CN103279037B

Movatterモバイル変換

Info

Publication number: CN103279037B
Application number: CN201310200246.9A
Authority: CN
Inventors: 张铁; 林君健
Original assignee: South China University of Technology SCUT
Current assignee: South China University of Technology SCUT
Priority date: 2013-05-24
Filing date: 2013-05-24
Publication date: 2015-10-28
Anticipated expiration: 2033-05-24
Also published as: CN103279037A

Abstract

本发明公开了基于六维力/力矩传感器的机器人力跟随运动控制方法，在利用机器人作示教等目的时，这种方法能获得很好的效果。本发明主要涉及4个重要步骤，第一个是利用较为简单的方法对力/力矩传感器的零位值进行标定，第二个是利用特定方法对力/力矩传感器在不同姿态下，由于自身和安装在传感器上面工具的重力对力/力矩传感器零位值造成影响进行补偿，然后是设定一个力/力矩传感器在相应姿态下的稳定区间，最后一个是利用力/力矩传感器的力和力矩值对机器人进行力跟随运动控制。

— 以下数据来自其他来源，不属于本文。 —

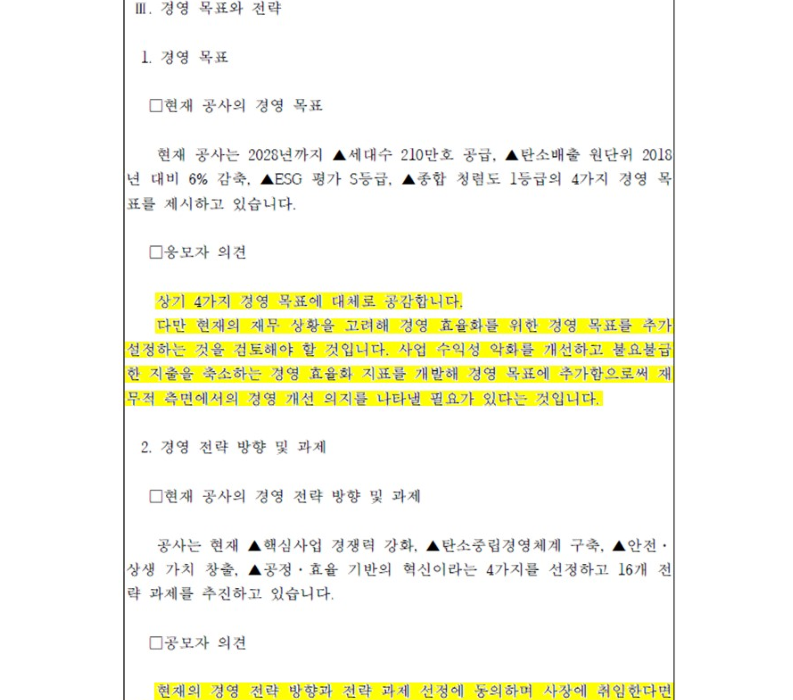 이어 3페이지 정용기 전 의원이 제시한 <경영 목표와 전략>란에도 현재 공사의 경영목표에 나열에 이어 ‘효율화 지표 개발’이라는 단어가 다시 한번 추가됐다. 그리고 <경영 전략 방향 및 과제>에는 ‘최선을 다하겠다’는 포부만 추가되는 등 계속해서 현황으로만 직무수행계획서를 채우기에 급급했다.

The invention discloses a force-following motion control method for a robot based on a six-dimensional force/torque sensor. When the robot is used for teaching purposes, the method can achieve good results. The present invention mainly involves four important steps. The first is to use a relatively simple method to calibrate the zero value of the force/torque sensor, and the second is to use a specific method to calibrate the force/torque sensor under different attitudes. The gravity of the tool installed on the sensor compensates for the influence of the zero value of the force/torque sensor, and then sets a stable range of the force/torque sensor under the corresponding attitude, and the last one is to use the force and moment value of the force/torque sensor Force-following motion control of a robot.

Description

Translated fromChinese

基于六维力/力矩传感器的机器人力跟随运动控制方法Robot force-following motion control method based on six-dimensional force/torque sensor

技术领域technical field

本发明涉及机器人控制领域，尤其涉及基于六维力/力矩传感器的机器人力跟随运动控制方法。The invention relates to the field of robot control, in particular to a robot force-following motion control method based on a six-dimensional force/torque sensor.

背景技术Background technique

在工业领域中常会用到力/力矩传感器，常用的力/力矩传感器在使用时姿态是固定的，但是若力/力矩传感器运行在姿态会改变的场合，由于传感器及在其上面安装的工具受重力影响，传感器的零位置（传感器在该姿态下没有对其施加外力时传感器的输出值）会发生改变，因此对其补偿的效果直接影响到实际的性能。为了对这种改变进行补偿，需要用到特殊的方法。在六维力/力矩传感器的标定方面，本领域技术人员提出了一种对六维力/力矩传感器在某一姿态下的测量线性度进行标定的方法，但它们在应用方面比较复杂。Force/torque sensors are often used in the industrial field. The posture of the commonly used force/torque sensors is fixed when used. Due to the influence of gravity, the zero position of the sensor (the output value of the sensor when no external force is applied to the sensor in this attitude) will change, so the effect of its compensation directly affects the actual performance. In order to compensate for this change, special methods are required. Regarding the calibration of the six-dimensional force/torque sensor, those skilled in the art have proposed a method for calibrating the measurement linearity of the six-dimensional force/torque sensor at a certain attitude, but they are relatively complicated in application.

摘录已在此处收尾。